Also, growth is a skill, and comes in two varieties, bell curve and flat.
A bell curve growth is one where a character grows faster the longer they live. The flip side to this for a story is that, often, a character doesn't grow too quickly to start with. So for example, farmer boy Tom needs to learn how to swing a sword. He spends several IRL months learning and perfecting sword swinging. In a magical setting, this probably isn't too phenomenal in terms of power growth in comparison to, say, becoming a master wizard and blowing up towns, or a super ninja who can turn totes invisible while wearing orange.

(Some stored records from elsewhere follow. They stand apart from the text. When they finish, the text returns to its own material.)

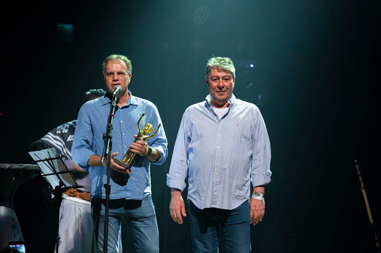 Foto: Édson FilhoA Rio Grande Seguros e Previdência foi a empresa agraciada com o Prêmio Ayrton dos Anjos – Patineti 2025. A distinção na categoria “Empresa gaúcha que impulsionou a cultura”, que foi recebida pelo presidente da seguradora, César Saut, e entregue pelo presidente do Banrisul, Fernando Lemos, ocorreu no auditório Araújo Vianna, em Porto Alegre, durante o show “O Grande Encontro – Música dos Gaúchos, que encerrou a turnê “Reconstruindo o Rio Grande”.
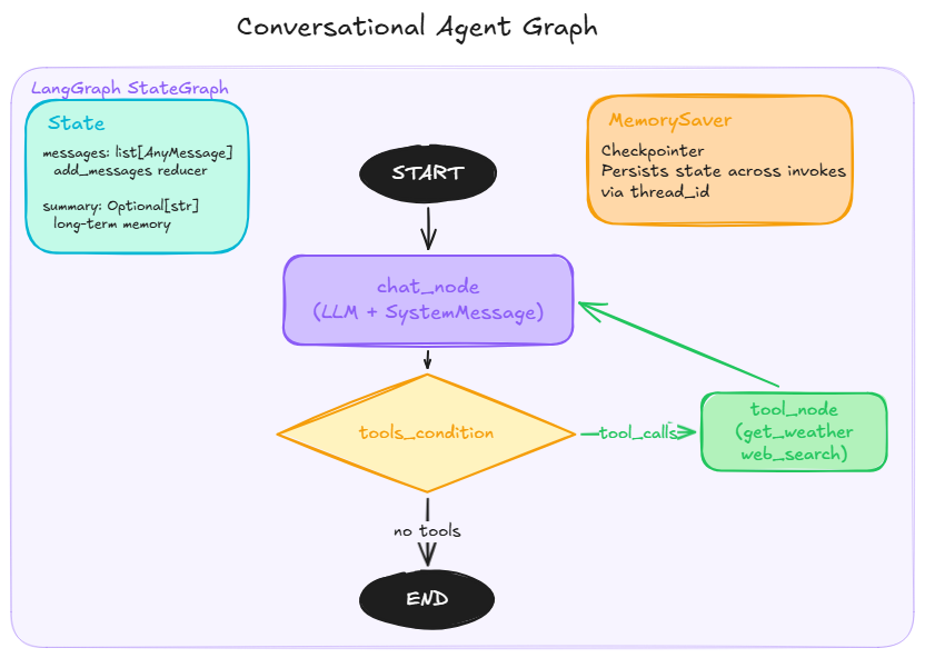 A production-ready conversational agent built with LangGraph that combines short-term memory (checkpointing) and long-term memory (conversation summarization) with real-world tool access.
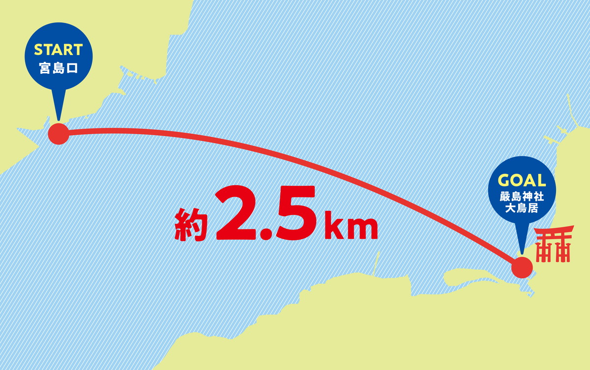 そんなエボルタNEOくんが目指すのは、世界遺産である広島の宮島・厳島神社。対岸となる宮島口(広島県廿日市市)からスタートし、厳島神社の大鳥居まで約2.5kmを泳ぐことになります。
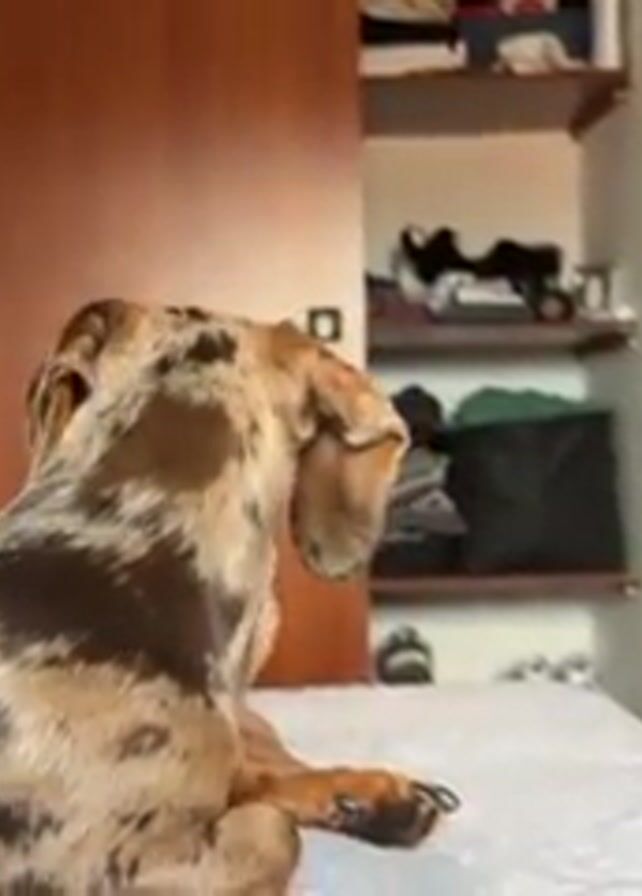 dapple dachshund lying on a bed. The dog is facing away from the camera at first, then turns its head and barks once. A foot is visible near the dog. In the background is a closed closet with shoes stacked on shelves, open shelves with various items, a mirror on a dresser, and a woven object.
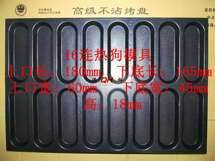 产品3:16连热狗模具上口:18*6cm 下底:16.5*4.5cm 深度:1.8cm
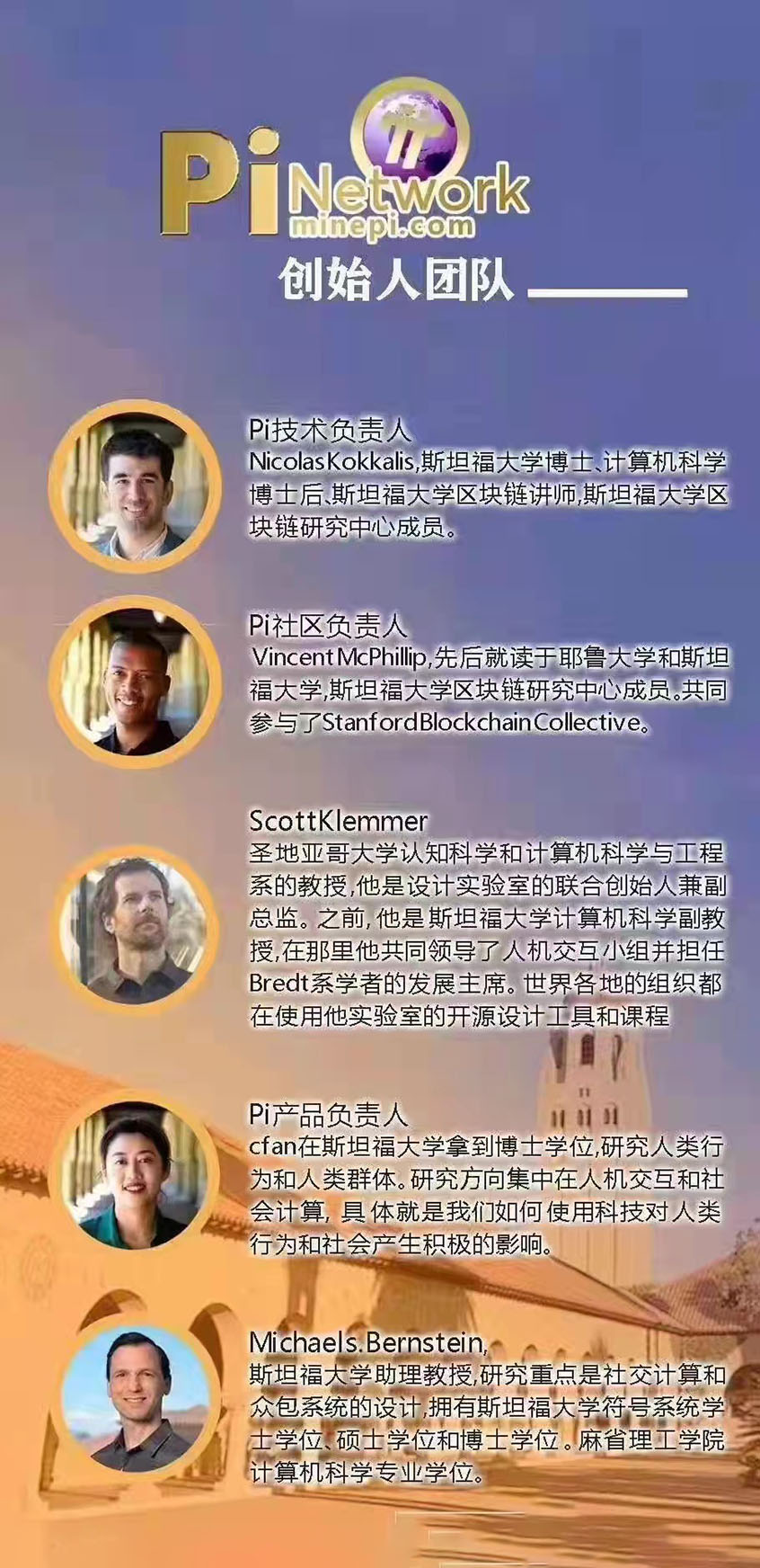 Pi幣 派幣 的核心團隊由來自全球各地的斯坦福大學畢業(yè)生組成,其中包括兩名博士和一名MBA。

However, once Tom has all the basics down, he quickly learns other, demonstrable stronger techniques, faster. This usually goes under the premise that one learns how to learn faster by learning the basics of learning. As well, Tom can now likely find his way to powerful artifacts to help amplify his basic power, like a fire sword, or a lightning sword, or a sword that makes dead grandparents appear to their enemies to tell them how bad they're being today. Obviously Tom's power curve has suddenly sped up, this might all happen in the course of a couple months instead of the several it took to make Tom a competent fighter. Welcome to the Bell Curve: The stronger you are, the faster you grow, because it enables you to grow faster.
Naturally Bell Curves are better in stories with a definite ending, like rescuing the princess from a tall tower that is being guarded by a dragon. In literature and film you most often see Bell Curves in Coming of Age type stories.

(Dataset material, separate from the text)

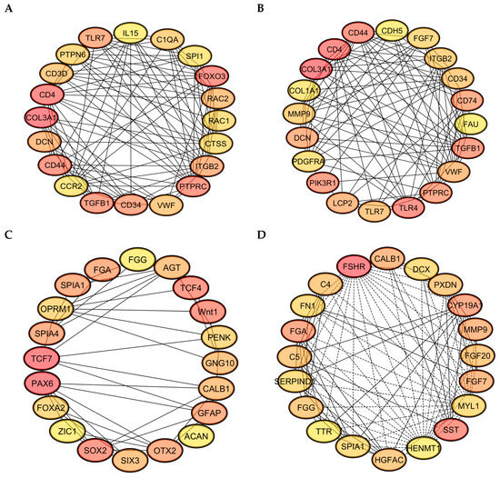 (A–D) The protein–protein interaction (PPI) networks of differentially expressed genes across four follicular groups were constructed utilising STRING and visualised through Cytoscape 3.10.3: (A) includes key genes like FOXO3, IL15, and CD4, which are implicated in immune regulation and stress response; (B) identifies TGFB1, CD44, and COL3A1, indicating their roles in cell adhesion and the organization of the extracellular matrix; (C) includes TCF4, TCF7, WNT1, and SOX2, indicating active Wnt signaling and transcriptional regulation; (D) includes hub genes such as CYP19A1, FGF7, and SST, which have essential roles in hormone biosynthesis and local growth factor activity, highlighting the dynamic regulatory mechanisms present in low and high egg-laying hens.

A flat growth rate is exactly how it sounds and is easily the most manageable: Every "level" a character has they gain 10 points in X skill or stat. It always grows at this rate, there is nothing dynamic to a flat growth rate. However, that being said, it's very easy to manage and apply said growth rate to the antagonists of the protagonist as well. If the protagonist gains 10 "strength", then maybe the antagonist gains 10 "magic". Bell Curve can also do this but it can be harder to logically map it in comparison to flat.

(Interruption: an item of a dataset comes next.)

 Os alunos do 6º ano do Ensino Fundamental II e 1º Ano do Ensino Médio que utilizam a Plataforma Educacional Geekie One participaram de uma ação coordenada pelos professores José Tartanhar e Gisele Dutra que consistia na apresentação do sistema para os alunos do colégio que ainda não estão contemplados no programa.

Just remember: Antagonists should grow, too. If the heroes are suddenly capable of punching out Cthulhu, then the Antagonists should thusly now be capable of punching out their God. The only thing that should remain consistent at its own power level is the setting itself: If you're in modern day New York as a super hero, and you keep growing in power, the amount of collateral damage you could incidentally do to New York would grow with each step you grow. The only difference is that the villains just don't care about such things and will happily murder four million people if it means taking over the rest of New York. Growth in a super hero sense, when handled properly, merely means upping the ante. Where it gets silly is stuff like Superman sneezing destroying a dozen solar systems. (Yes, this happened.) Aside from that, go wild.